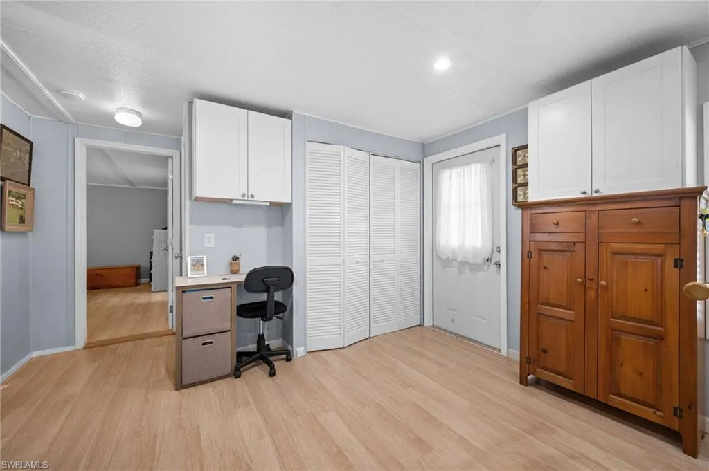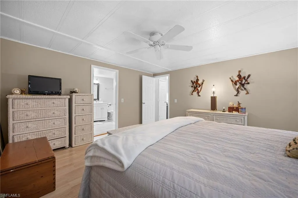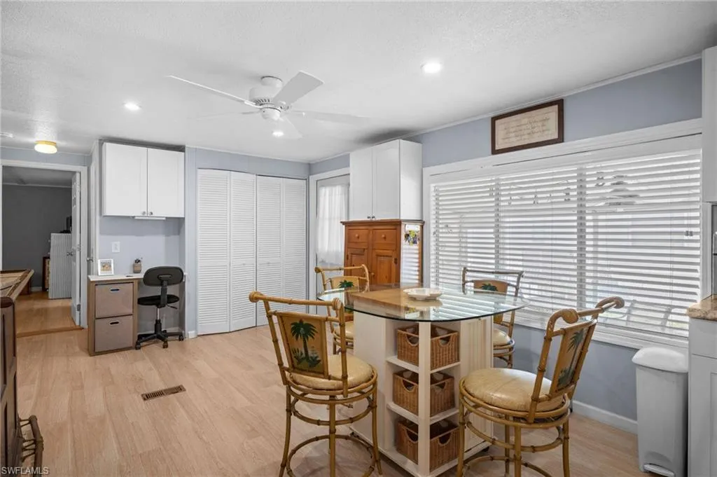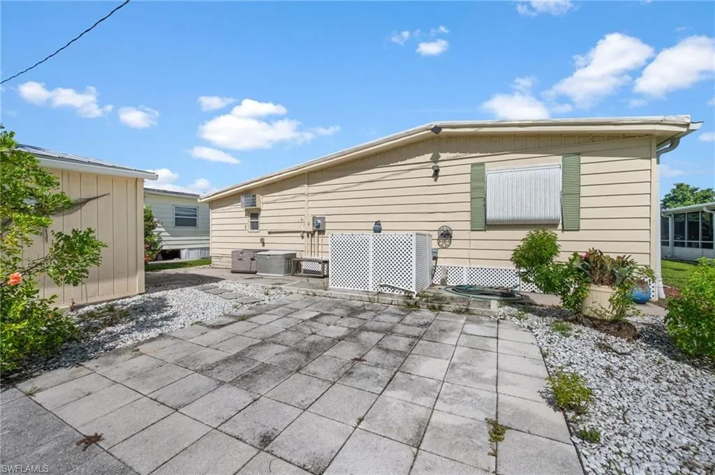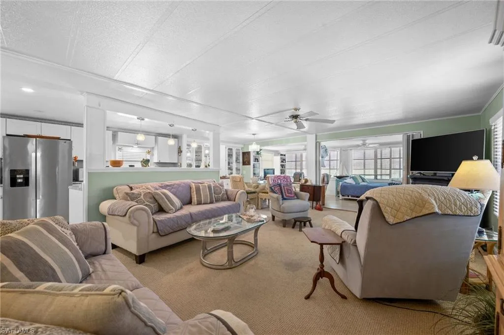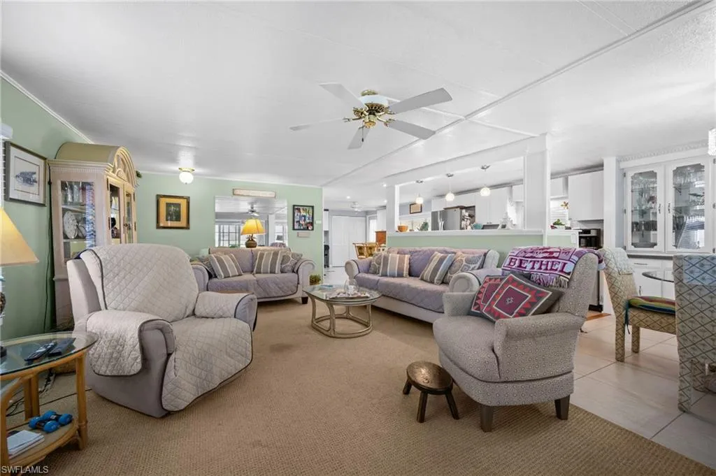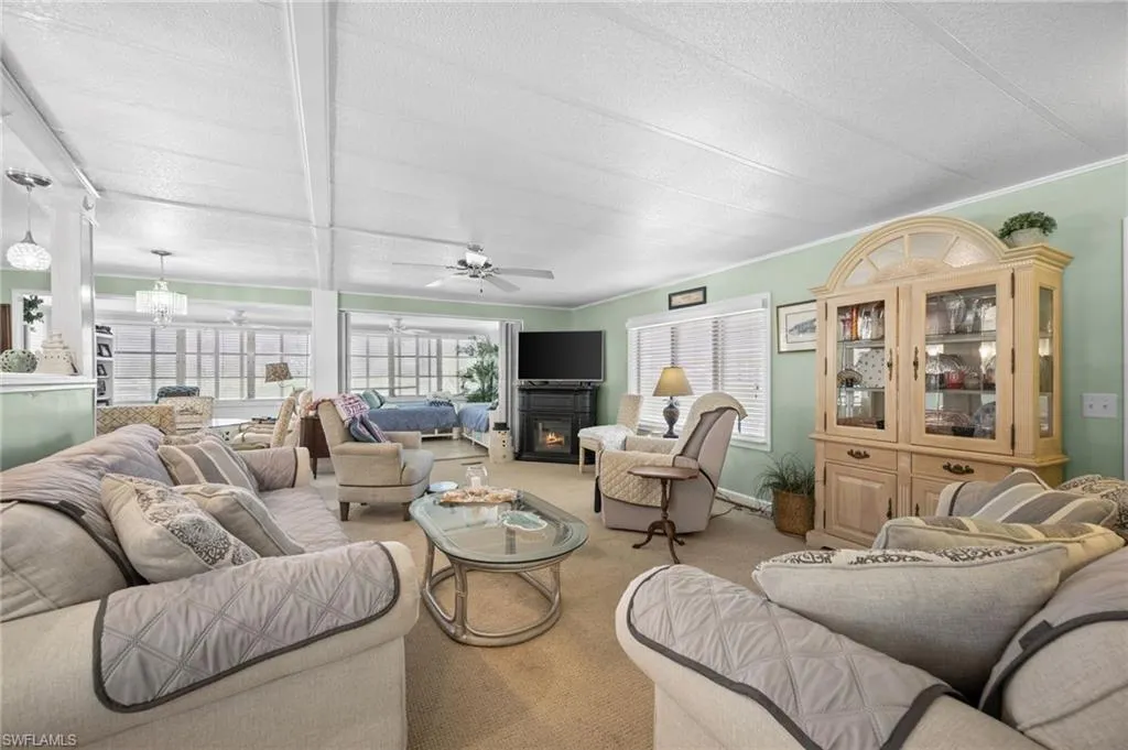 Lot behind is included in the sale! Turnkey 2-bedroom, 2-bath manufactured home with 1,584 sq. ft. of living space located on a quiet cul-de-sac in Riviera Colony, a 55+ community in Naples. This residence offers a functional floor plan with an attached carport, screened lanai, and a paver patio for outdoor enjoyment. The kitchen, updated in 2018, features plenty of cabinet space, a breakfast area with high-top seating, and a built-in desk. The dining room includes a built-in china cabinet, while the spacious living room comes furnished with sofas, recliner, and accent furniture. The large primary suite includes an ensuite bath with dual vanities. A secondary bedroom and bath provide space for guests, along with a second living area already set up with additional beds. A storage shed and shop are conveniently located off the lanai for hobbies or extra storage. Additional updates include a hot water tank (2019), A/C (2020), and ceiling fans throughout. Community amenities include a clubhouse, pool, community room, and shuffleboard. Situated just minutes from Route 41, this home offers easy access to Naples’ shopping, dining, and entertainment.
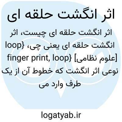 {loop finger print, loop} [علوم نظامی] نوعی اثر انگشت که خطوط آن از یک طرف وارد می شود و پس از گردش حول محوری فرضی و عبور از مقابل دلتا از همان طرفی که وارد شده است خارج می شود متـ. حلقه ای
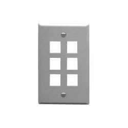 -. Feature : 6 Port; Gray; Easy snap in port design / Faceplate / Port fits all ICC jacks and modules / Contemporary design / Single gang
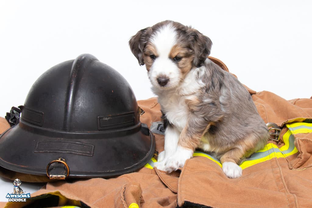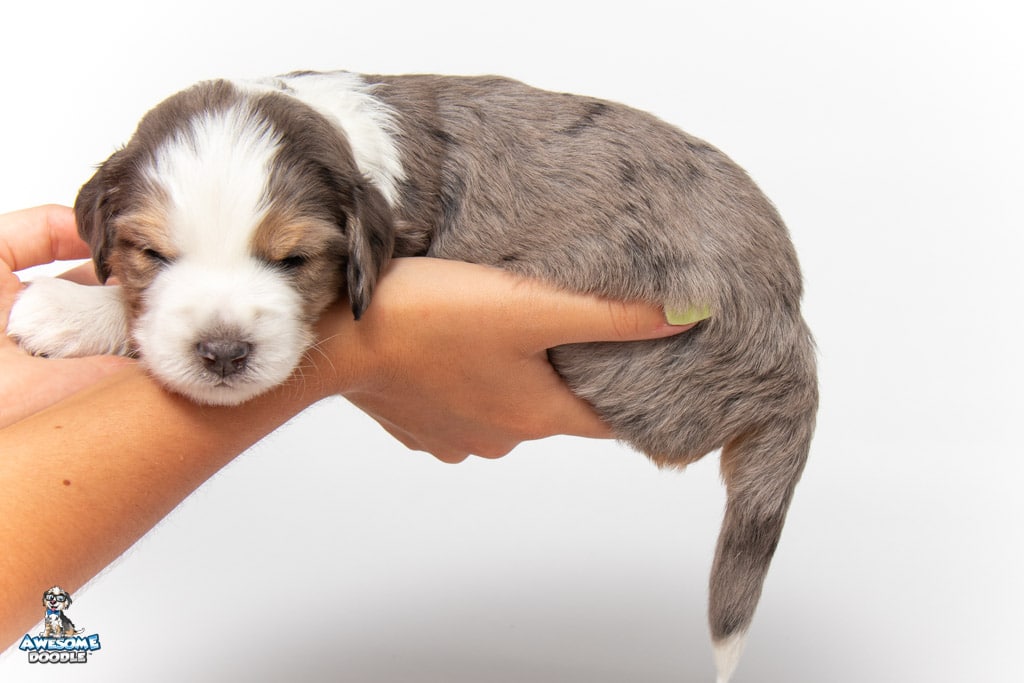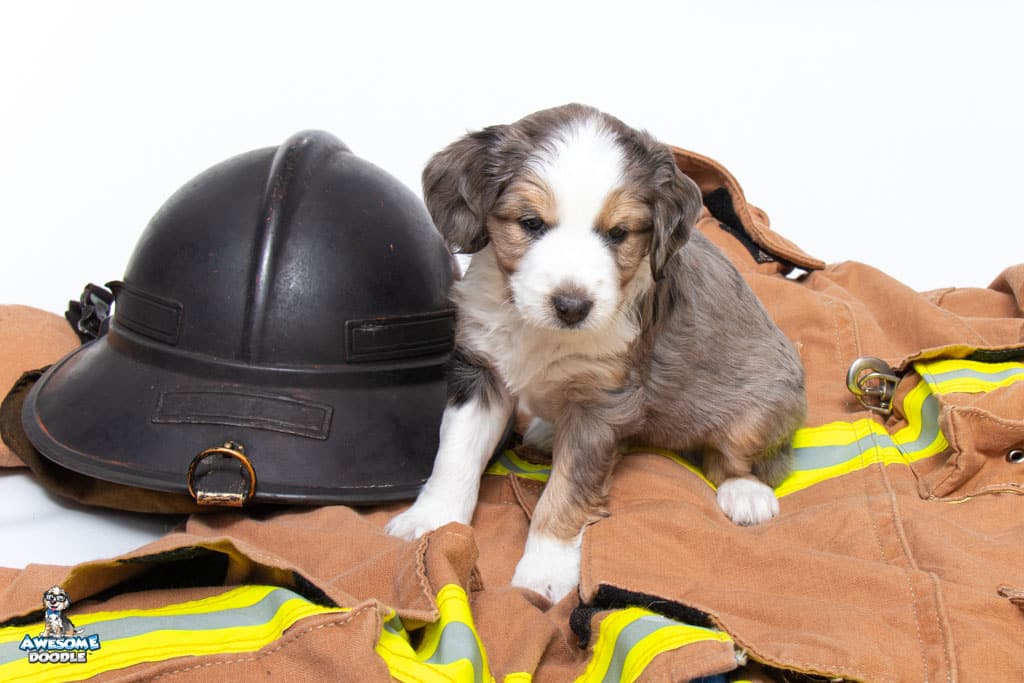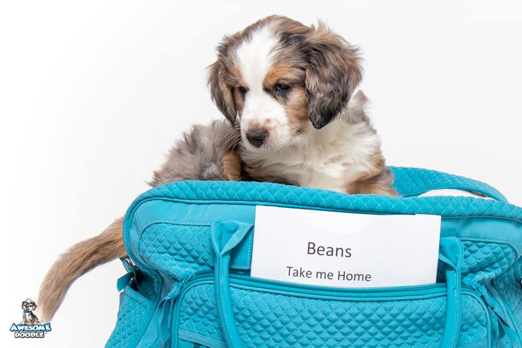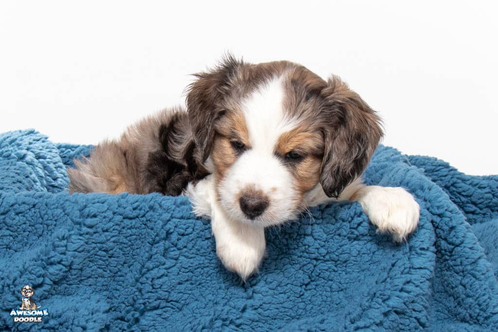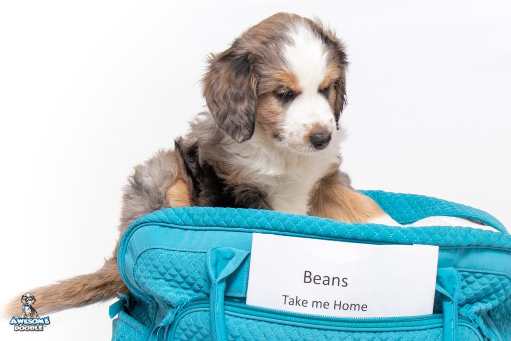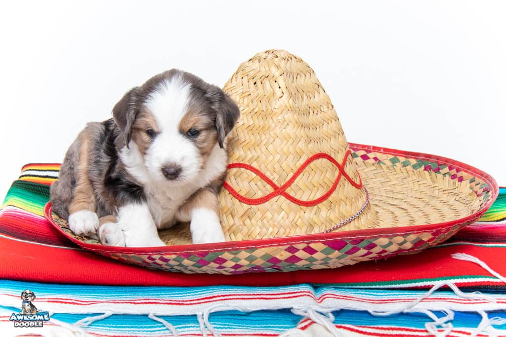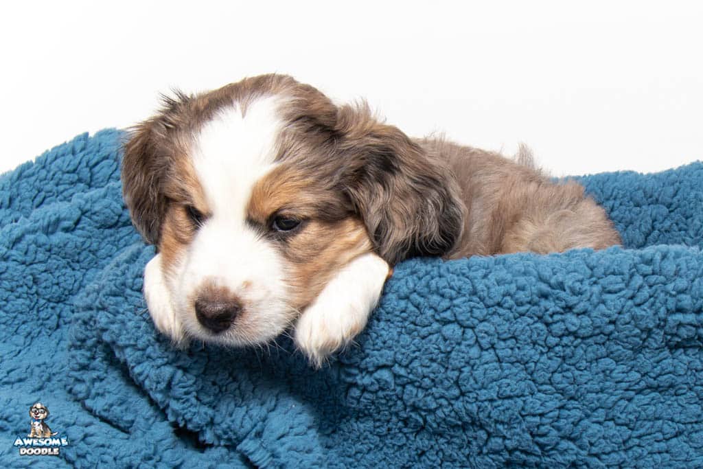 Beans is a male Blue Merle w/ White & Copper F1 AussieDoodle puppy.

-- -- --

Task prompt:
Copy out the data verbatim, excluding the pictures.

Task result:
 Lot behind is included in the sale! Turnkey 2-bedroom, 2-bath manufactured home with 1,584 sq. ft. of living space located on a quiet cul-de-sac in Riviera Colony, a 55+ community in Naples. This residence offers a functional floor plan with an attached carport, screened lanai, and a paver patio for outdoor enjoyment. The kitchen, updated in 2018, features plenty of cabinet space, a breakfast area with high-top seating, and a built-in desk. The dining room includes a built-in china cabinet, while the spacious living room comes furnished with sofas, recliner, and accent furniture. The large primary suite includes an ensuite bath with dual vanities. A secondary bedroom and bath provide space for guests, along with a second living area already set up with additional beds. A storage shed and shop are conveniently located off the lanai for hobbies or extra storage. Additional updates include a hot water tank (2019), A/C (2020), and ceiling fans throughout. Community amenities include a clubhouse, pool, community room, and shuffleboard. Situated just minutes from Route 41, this home offers easy access to Naples’ shopping, dining, and entertainment.
 {loop finger print, loop} [علوم نظامی] نوعی اثر انگشت که خطوط آن از یک طرف وارد می شود و پس از گردش حول محوری فرضی و عبور از مقابل دلتا از همان طرفی که وارد شده است خارج می شود متـ. حلقه ای
 -. Feature : 6 Port; Gray; Easy snap in port design / Faceplate / Port fits all ICC jacks and modules / Contemporary design / Single gang
 Beans is a male Blue Merle w/ White & Copper F1 AussieDoodle puppy.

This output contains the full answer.